Handling Errors and Formatting Issues 🛠️

A few things can break age calculations:

  • Text formatted as dates — If a cell looks like a date but Excel treats it as text, your formula will return an error. Check by selecting the cell and looking at the format in the Home ribbon. Dates should be formatted as "Date," not "Text" or "General."
  • Future dates — If the birthdate is accidentally entered as a future date, DATEDIF may return a #NUM! error. Wrap in IFERROR() to handle gracefully:
    =IFERROR(DATEDIF(B2, TODAY(), "Y"), "Check date") 
  • Regional date formats — In international spreadsheets, date formats (MM/DD/YYYY vs DD/MM/YYYY) can cause misread data. Standardize your date column format before running calculations.

When Precision Starts to Matter

For most personal or informal uses, any of these methods produces a result accurate enough to be useful. The distinctions start to matter more when:

  • You're working with legal age thresholds (e.g., determining if someone is 18 or 65)
  • You're processing large datasets where even rare edge cases need to be accurate
  • Your workbook is shared internationally, where locale settings affect how dates are interpreted
  • You're calculating age at a historical date rather than the current date

In those situations, DATEDIF with "Y" is generally the most dependable option, because it explicitly counts complete calendar years the same way people count birthdays.

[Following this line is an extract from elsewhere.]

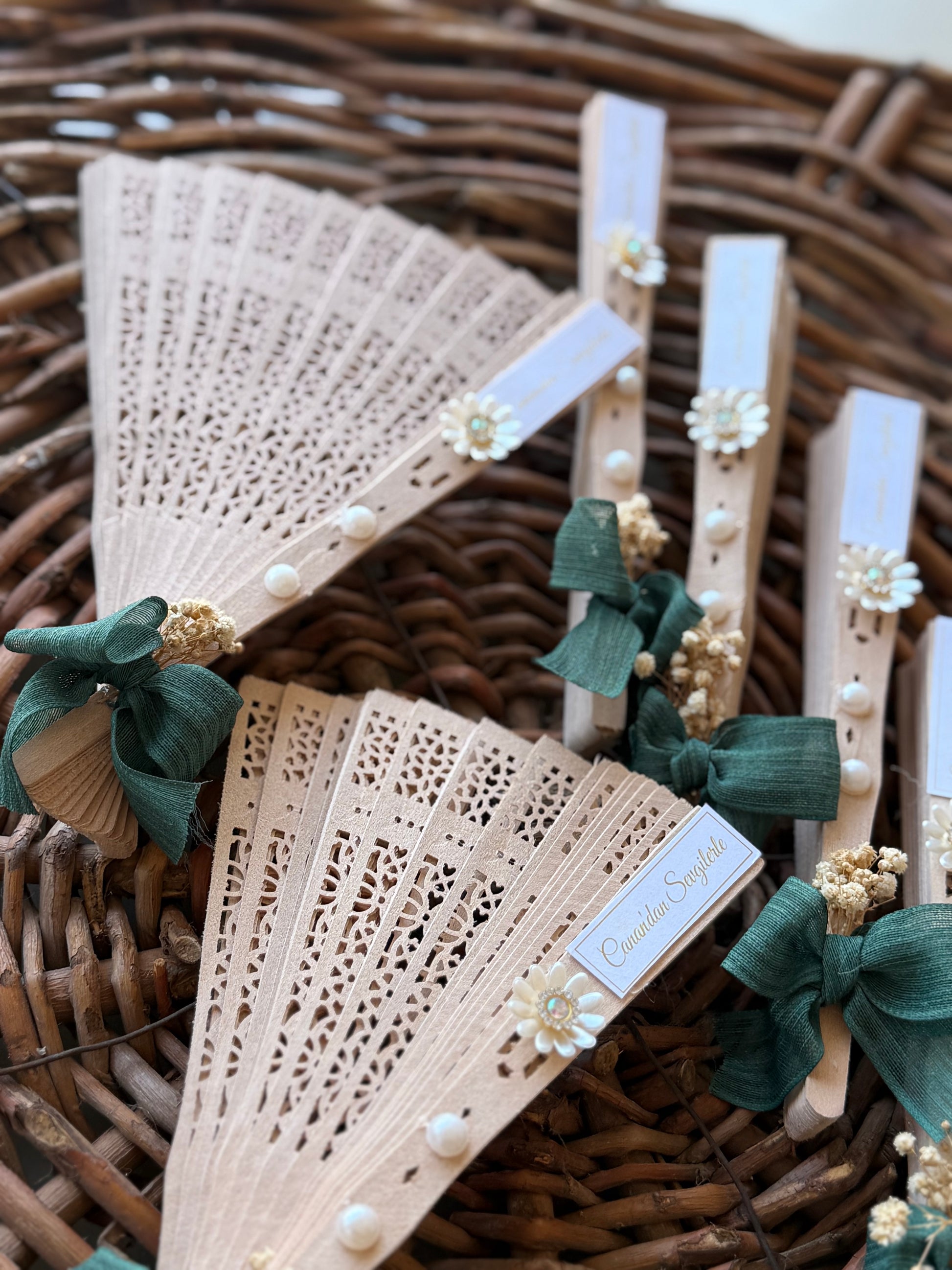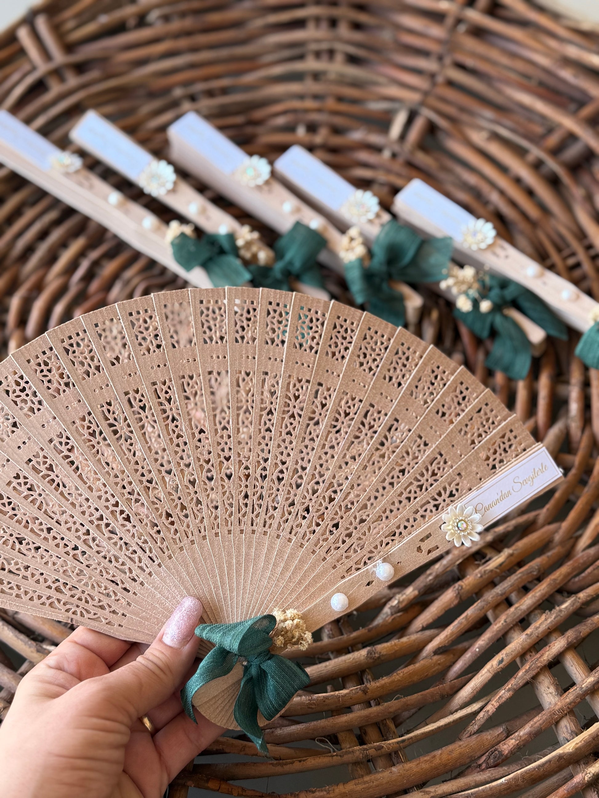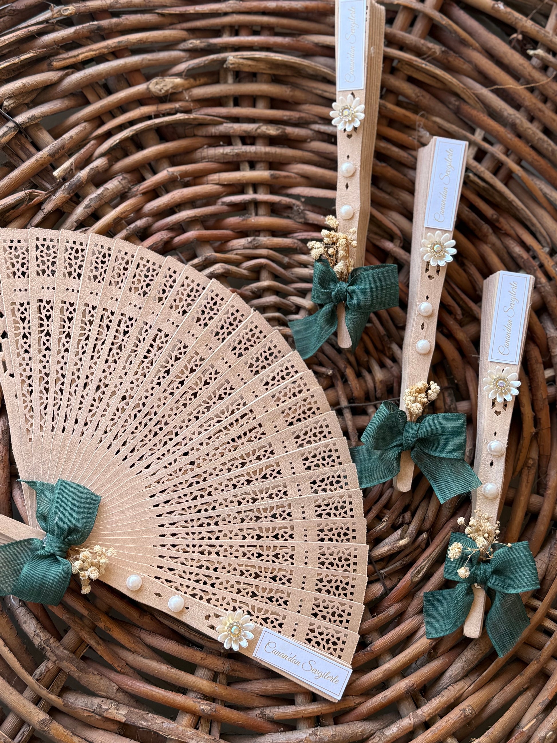 Doğal ahşap dokusuyla özenle tasarlanmış özel yelpaze hediyelik, zarif işlemeleri ve kişiye özel detaylarıyla en anlamlı günlerinizde misafirlerinize unutulmaz bir hatıra sunar. Üzerinde inci süslemeleri, yeşil kurdele ve minik kuru çiçek detayıyla tamamlanmıştır. Şeffaf kutusunda şık bir sunumla gönderilir.

Variables That Shape Which Approach Works Best

Which method makes the most sense depends on a few things specific to your situation:

  • How precise the result needs to be — years only, or years/months/days
  • Whether the date data is clean and consistently formatted
  • Your Excel versionDATEDIF is widely available but undocumented in newer versions; YEARFRAC is formally supported
  • Whether the reference date is dynamic (today) or fixed
  • Who else is using the spreadsheet — a formula that's readable by non-technical colleagues may matter more than one that's technically optimal

Someone building a quick personal tracker has very different needs than an HR analyst processing thousands of employee records with compliance requirements. The formulas are largely the same — but how much error-handling, formatting standardization, and precision you build around them depends entirely on the context you're working in.